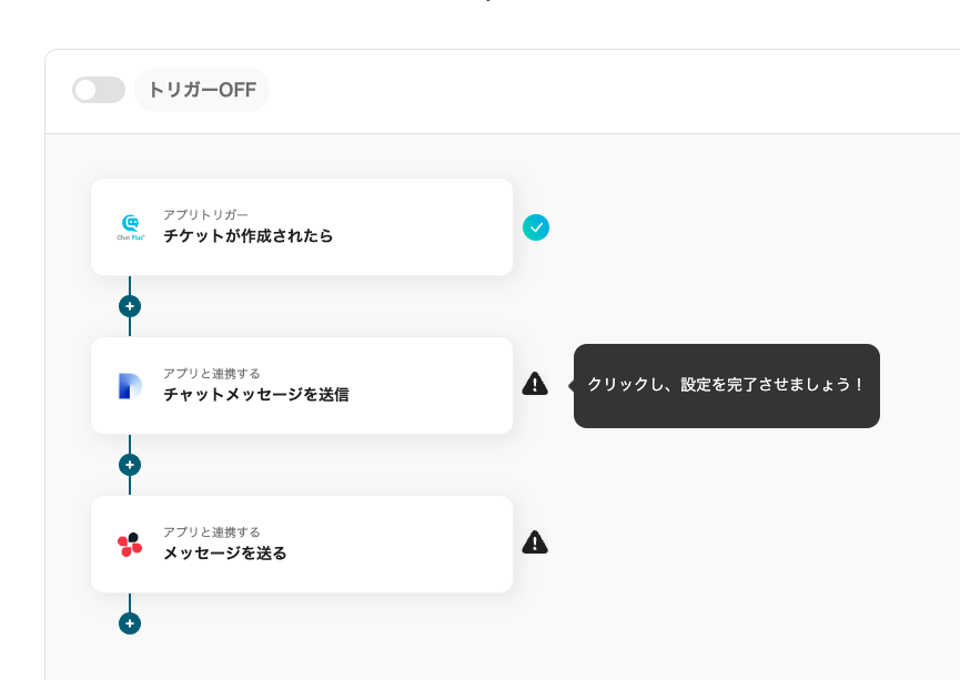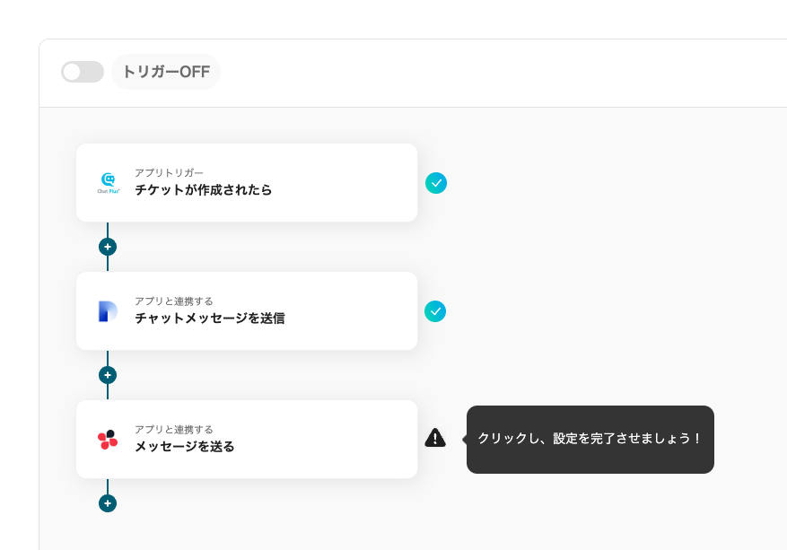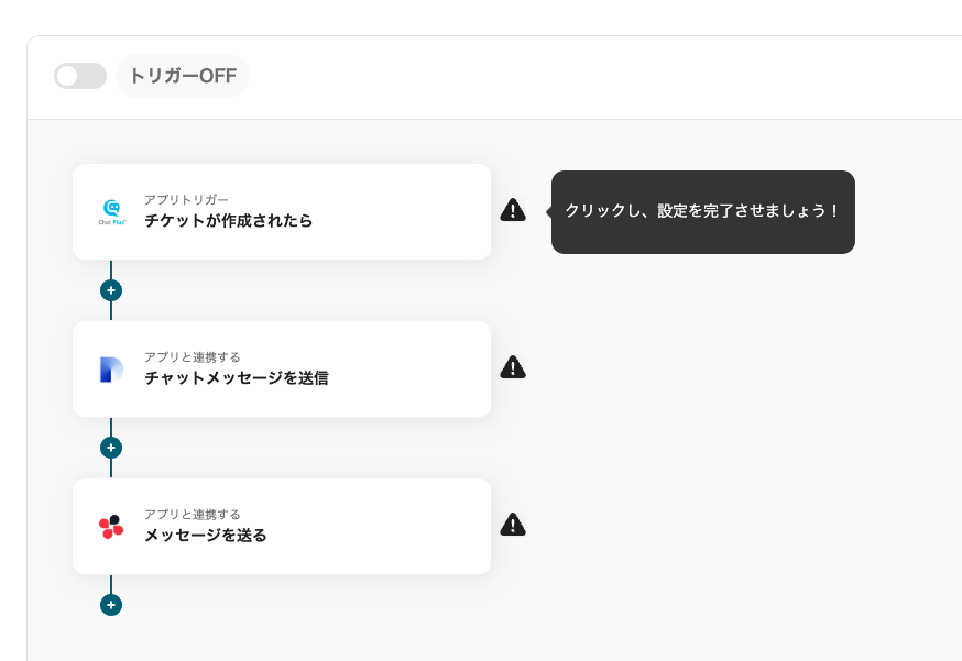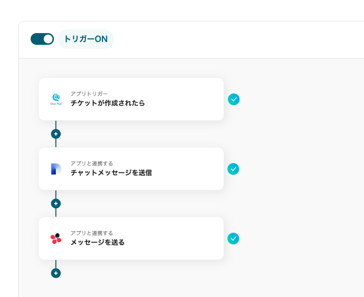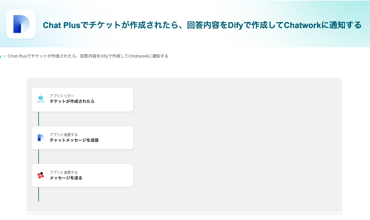 ここからは、【Chat Plusでチケットが作成されたら、Difyで問い合わせの回答生成してChatworkに送信する】プログラミングなしで構築するフローの手順を解説します。
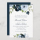 elegant navy & light blue floral wedding invitation
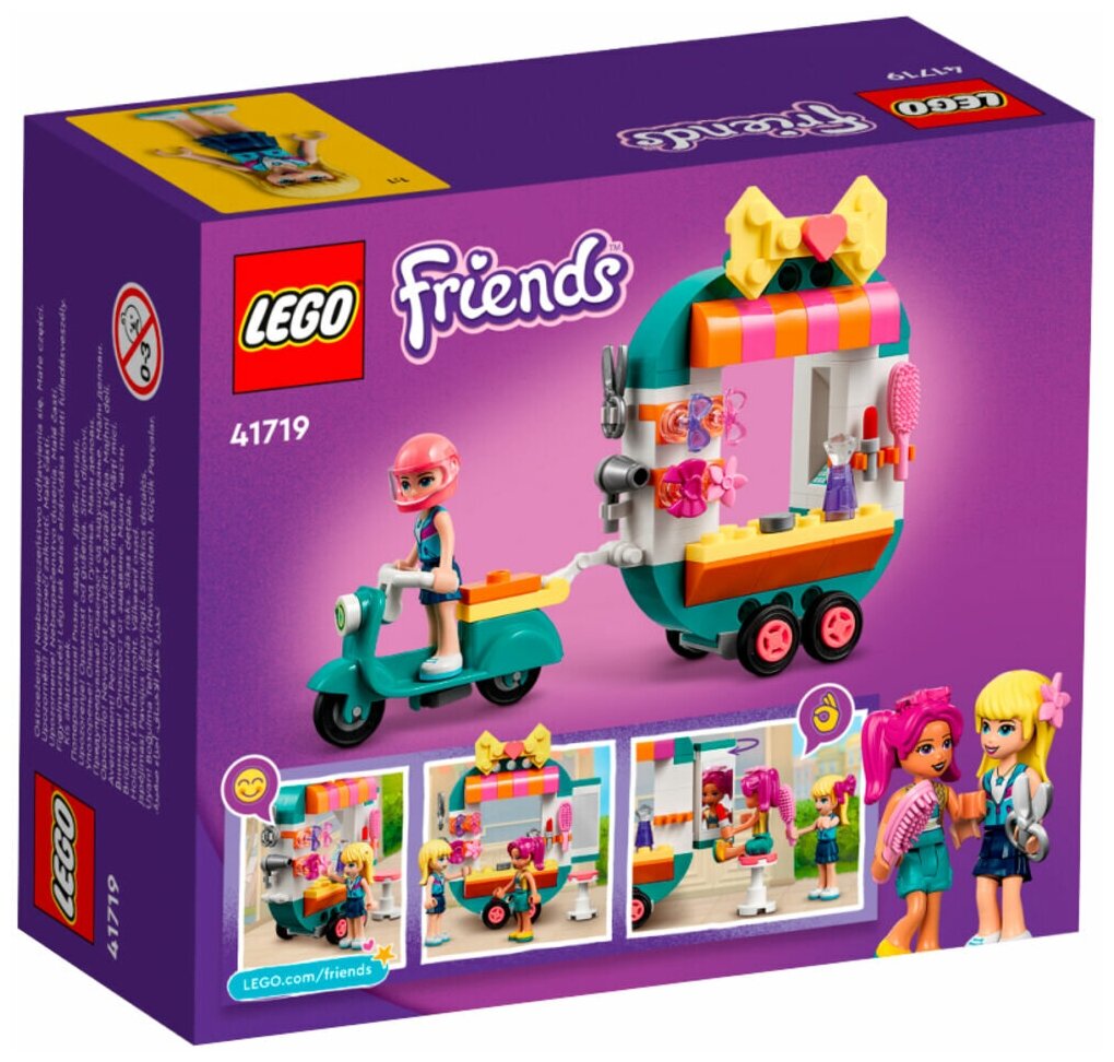 Лучшие цены. Порадуйте маленьких поклонников стиля подарком в любое время из игрового набора LEGO® Friends Mobile Fashion Boutique (41719). Дети в возрасте от 6 лет могут притвориться, что вместе со Стефани преображают жителей Хартлейк-Сити, пока они буксируют мобильный магазин за крутым электрическим самокатом. Забавные аксессуары оживляют игру: - Маленькие стилисты проявляют творческий подход, используя фен, ножницы, щетку, губную помаду и духи. Покупатели также могут купить аксессуары для волос в притворном магазине. Магазины в вашем городе.
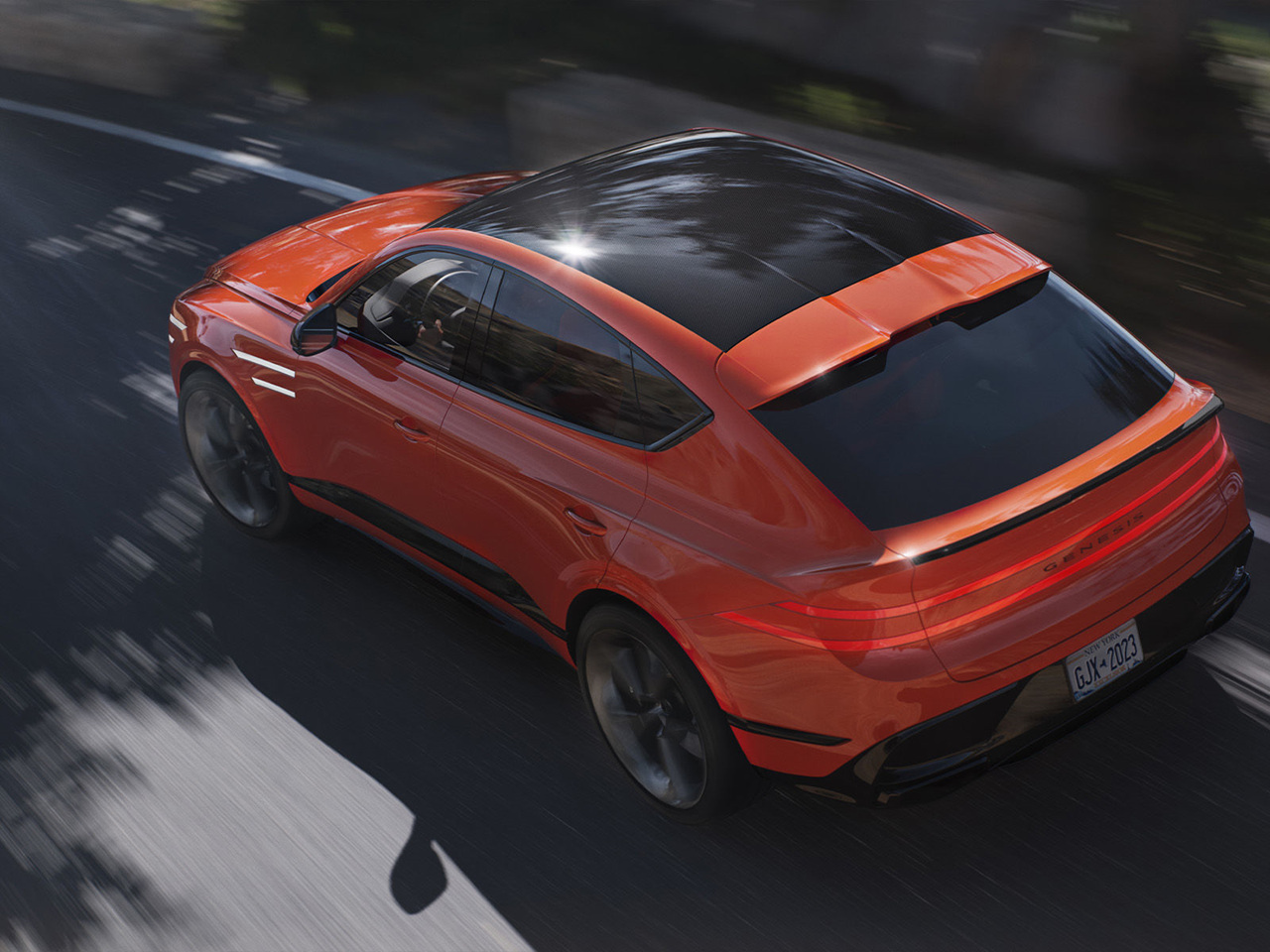 GV80 쿠페는 GV80의 디자인을 기반으로, 쿠페형 SUV의 역동적인 디자인을 적용했습니다. GV80 쿠페는 GV80보다 낮은 지붕 라인과 짧은 리어 오버행을 갖추고 있습니다.
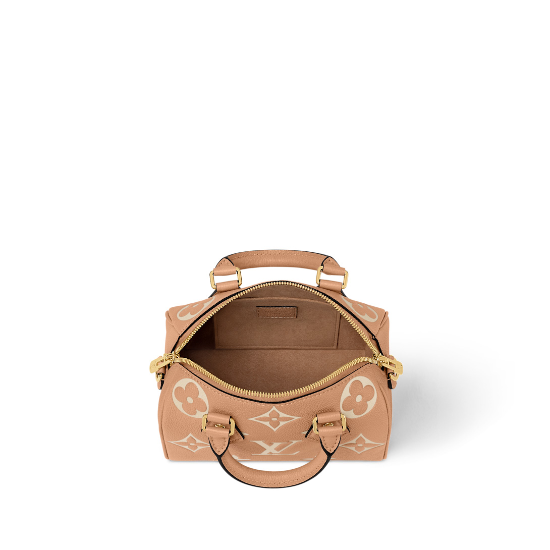 This edition of the Speedy Bandoulière 20 features the House’s iconic Monogram Empreinte leather in a chic neutral palette. It is designed with gleaming gold-toned hardware, including a signature padlock, and is topped with smooth turon handles. The compact shape holds enough space to store a smartphone, wallet and keys – and a couple of makeup items, too.
○ ○ ○ ○
■ TASK TO CARRY OUT ■
Please copy, exactly and only, the lines of the listing that run from the one holding "elegant navy &" through its last line, and exclude pictures.

■ OUTPUT BELOW ■
 elegant navy & light blue floral wedding invitation
 Лучшие цены. Порадуйте маленьких поклонников стиля подарком в любое время из игрового набора LEGO® Friends Mobile Fashion Boutique (41719). Дети в возрасте от 6 лет могут притвориться, что вместе со Стефани преображают жителей Хартлейк-Сити, пока они буксируют мобильный магазин за крутым электрическим самокатом. Забавные аксессуары оживляют игру: - Маленькие стилисты проявляют творческий подход, используя фен, ножницы, щетку, губную помаду и духи. Покупатели также могут купить аксессуары для волос в притворном магазине. Магазины в вашем городе.
 GV80 쿠페는 GV80의 디자인을 기반으로, 쿠페형 SUV의 역동적인 디자인을 적용했습니다. GV80 쿠페는 GV80보다 낮은 지붕 라인과 짧은 리어 오버행을 갖추고 있습니다.
 This edition of the Speedy Bandoulière 20 features the House’s iconic Monogram Empreinte leather in a chic neutral palette. It is designed with gleaming gold-toned hardware, including a signature padlock, and is topped with smooth turon handles. The compact shape holds enough space to store a smartphone, wallet and keys – and a couple of makeup items, too.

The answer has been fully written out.